For instance, element recognizer 312 may analyze a video frame to
identify an in-game element as described herein and further
calculate a measure of confidence associated with the
identification. In implementations, if the confidence value is
above a threshold, an annotation for the element may be overlaid on
the video frame. If the confidence value is below a threshold, an
annotation may not be applied to the video frame. The confidence
value may also be configured based on a user input. For instance, a
video game player may set a higher confidence value for more
accurate on-screen annotation.
[0054] In step 210, the video frame is annotated based on the
identified element and a location of the element. With reference to
FIG. 3, video frame annotator 314 may obtain 336 an identification
of an in-game element and a location of the element from element
recognizer 312 and provide 344 an on-screen annotation to a video
frame of video game 116 based on the element and location. For
instance, annotation selector 316 may select an appropriate
annotation in a number of ways, as described in more detail below,
and annotation renderer 318 may cause the annotation to be overlaid
on a video frame generated by video game 116. Annotation renderer
318 may be configured to render any type of on-screen annotation on
the video frame, including but not limited to highlighting an
element, outlining an element (e.g., a silhouette), displaying a
shape (e.g., a box, circle, star, etc.) around an element, and/or
displaying a visual indication of a direction of the element (e.g.,
an arrow or other pointer). An annotation need not be overlaid on
top of or around an identified element but may also be displayed
near the identified element (e.g., above, below, etc.). An
annotation rendered on a video frame may be opaque or translucent,
may comprise a single color, multiple colors, or change colors when
the annotation is rendered on successive video frames. In other
implementations, an annotation may flash or change in size,
thickness, or type to cause the annotation to become more or less
visible during gameplay.
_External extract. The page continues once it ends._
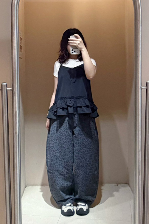 洗水豹紋設計繭型斜紋長褲 XS/S/M/L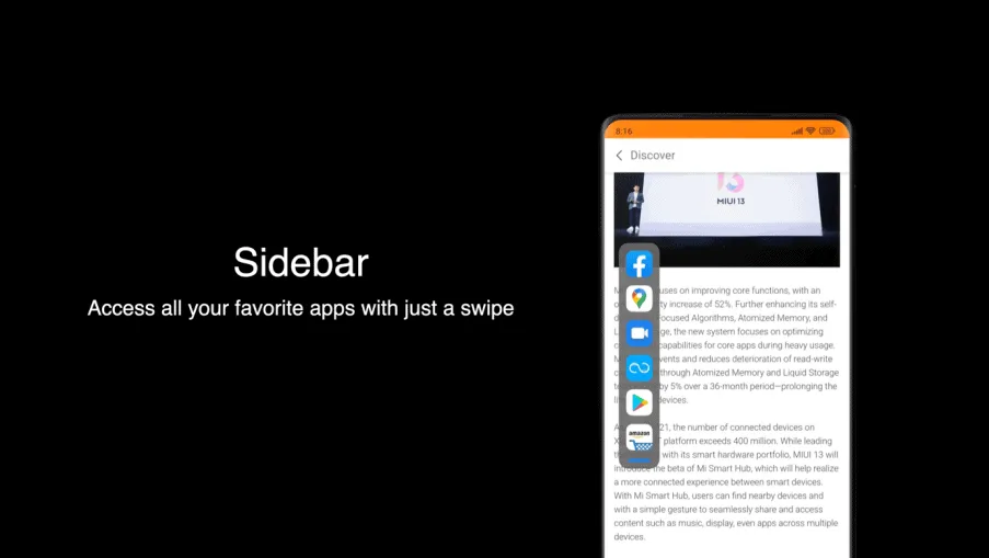 Sidebar là một công cụ hiệu quả khác trong MIUI 13, cho phép bạn truy cập tất cả các ứng dụng yêu thích của mình trong các cửa sổ nổi chỉ bằng một cái vuốt/chạm — mà không cần thoát khỏi ứng dụng hiện tại của bạn. Điều này là hoàn toàn hoàn hảo cho những người dùng làm việc đa nhiệm mong muốn có thể kéo nhiều ứng dụng lên cùng một lúc hoặc nhanh chóng hoán đổi chúng một cách dễ dàng hơn. Bạn cũng có thể tùy chỉnh tính năng này với tối đa 10 ứng dụng trong sidebar.

The examples are not limited herein, and
any other type or format of annotating an element, or combination
thereof, is contemplated.
[0055] In example embodiments, annotation renderer 318 is
configured to render an annotation as an overlay on the video frame
generated by video game 116 such that a display device of computing
device 102 displays both the video frame of the video game 116 and
the overlaid annotation simultaneously. As discussed earlier, an
annotation may be displayed in a single video frame or may be
refreshed across multiple (e.g., successive) video frames. In some
implementations, an annotation may be displayed on one or more
successive video frames until the identified element for which an
annotation is rendered is no longer present on a video frame. In
another example, an annotation may be displayed until a user
performs a certain action in response to the annotation (e.g., by
passing a ball to a highlighted player), performs an action not
consistent with the annotation, ignores the annotation, or
dismisses the annotation. In examples where an annotation may be
displayed for a plurality of video frames, one or more of the
successive video frames may be analyzed to identify the element and
its location in a similar manner as described above (e.g., with
respect to step 208). For instance, each video frame generated by
video game 116 may be separately processed to identify an element
corresponding to an element tag, and annotation renderer 318 may be
configured to annotate each video frame in which the identified
element is present. In other examples, annotation renderer 318 may
be configured to render an annotation by tracking a movement of the
identified element in the successive video frames using any
suitable object recognition and/or object tracking algorithm.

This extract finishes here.